Во время этой перепалки Коллин важно теребил кончики своего белого галстука, в котором гнездилось его красноречие. Когда вновь воцарилась тишина, он так продолжил свою речь:

— Господа, я одним-единственным словом развею все призрачные опасения, которые могли зародиться у вас насчет Каролюса после речи Марселя.

— Попробуй-ка развей, — усмехнулся Марсель.

— Это так же легко сделать, как погасить спичку, — ответил Коллин и дунул на спичку, которую зажег, чтобы закурить.

— Говорите, говорите! — хором закричали Родольф, Шонар, а также дамы, для которых спор представлял совершенно особый интерес.

— Господа, — продолжал Коллин, — хоть я и подвергся здесь жестоким нападкам чисто личного характера, хотя мне и предъявили обвинение в том, будто я продался за спиртные напитки, совесть у меня чиста, и я даже не считаю нужным отвечать на выпады, порочащие мою честность, мою неподкупность, мою нравственность. (Оживление среди слушателей.) Но есть нечто, к чему я требую уважения. (Оратор дважды ударяет себя кулаком по животу.) А именно — мое, хорошо известное вам, благоразумие, относительно него здесь было высказано сомнение.
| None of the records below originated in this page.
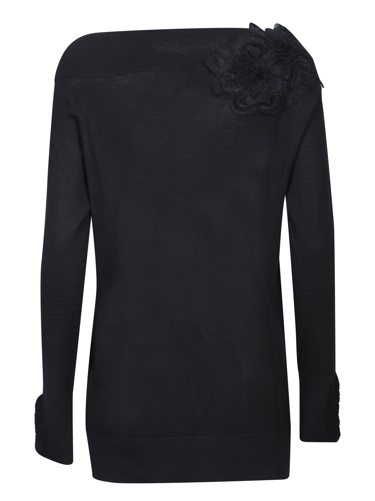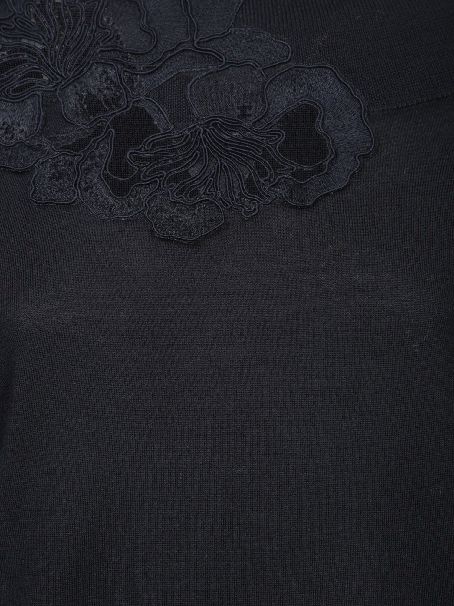 Long sleeves. Boat neck. Floral embroidery detail.
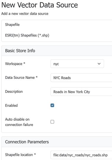 nyc_roadsdirectory into<GEOSERVER_DATA_DIR>/data, where<GEOSERVER_DATA_DIR>is the root of the GeoServer data directory. If no changes were made to the GeoServer file structure then the path isgeoserver/data_dir/data/nyc_roads.
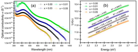 where α is the absorption coefficient, n is the refractive index, and c is the speed of light. These quantities were extracted from optical measurements performed on the doped and undoped films. As shown in Figure 11a, the optical conductivity increases significantly at Ce doping levels x = 0.01 and x = 0.03, indicating that cerium incorporation enhances charge carrier activity and facilitates optical transitions within the material. This enhancement is typically attributed to the introduction of additional donor states or improved carrier mobility due to Ce substitution in the ZnCo2O4 lattice. However, at a higher doping concentration (x = 0.05), a decline in σopt is observed, which may result from increased structural disorder or the formation of defect states that act as carrier traps, thereby limiting conductivity. This behavior suggests an optimal doping threshold beyond which the beneficial effects of cerium on carrier generation are diminished. Furthermore, the optical conductivity decreases progressively with increasing wavelength. This trend implies that at lower photon energies, the number of photo-generated carriers contributing to conduction diminishes, likely due to their recombination or trapping within localized states in the band gap. The relatively high σopt observed in the UV–visible range can be attributed to the excitation of free carriers by high-energy photons, which possess sufficient energy to overcome potential barriers and activate conduction pathways [41].
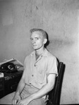 Charles E. Roach is a former aviation machinist's mate 2nd class, is going to "get the works". "The works" will be given Roach when he attends the ceremonies formally activating Fort Worth's peacetime Navy Reserve Battalion at Fort Worth Boat Club. The activation program is part of the observance of Navy Day in Fort Worth. To Roach getting "the works" will mean the receipt of the Distinguished Flying Cross, Air Medal, Gold Star in lieu of the second and third air medals and four citations the nature of which has not been disclosed tot he 23 year-old former PB4Y crewman. Roach already has the Presidential Unit Citation given his Navy Air Corps outfit, VB-104, and can wear the American Theater and Asiatic Pacific Theater ribbons. During his 43 months in the service Roach saw action in the battles at New Georgia, Bougainville, Bismarck Archiepelago, the Gilberts and Corolines. Roach and his wife and their nine-month-old son, Robert Earl, live at 1-16 Barclay. Roach is in training as a butcher at the Lovelace Grocery. His mother, Mrs. C. W. Roach, lives at 1514 Lee. He is a North Side High School graduate. In this picture, he is sitting on a chair and pose for a picture. Published in the Fort Worth Star-Telegram morning edition, October 24, 1946.

Меня обвиняют в том, что я-де собираюсь ввести в вашу среду смертного, который вознамерился нанести ущерб вашему… любовному благополучию. Такое предположение просто-напросто оскорбительно для добродетели этих дам и, кроме того, оскорбительно для их вкуса. Каролюс Барбемюш мужчина очень невзрачный. (Явный протест на лице Феми Красильщицы, возня под столом. Это Шонар ногою вразумляет свою подружку, позволившую себе столь постыдную откровенность.)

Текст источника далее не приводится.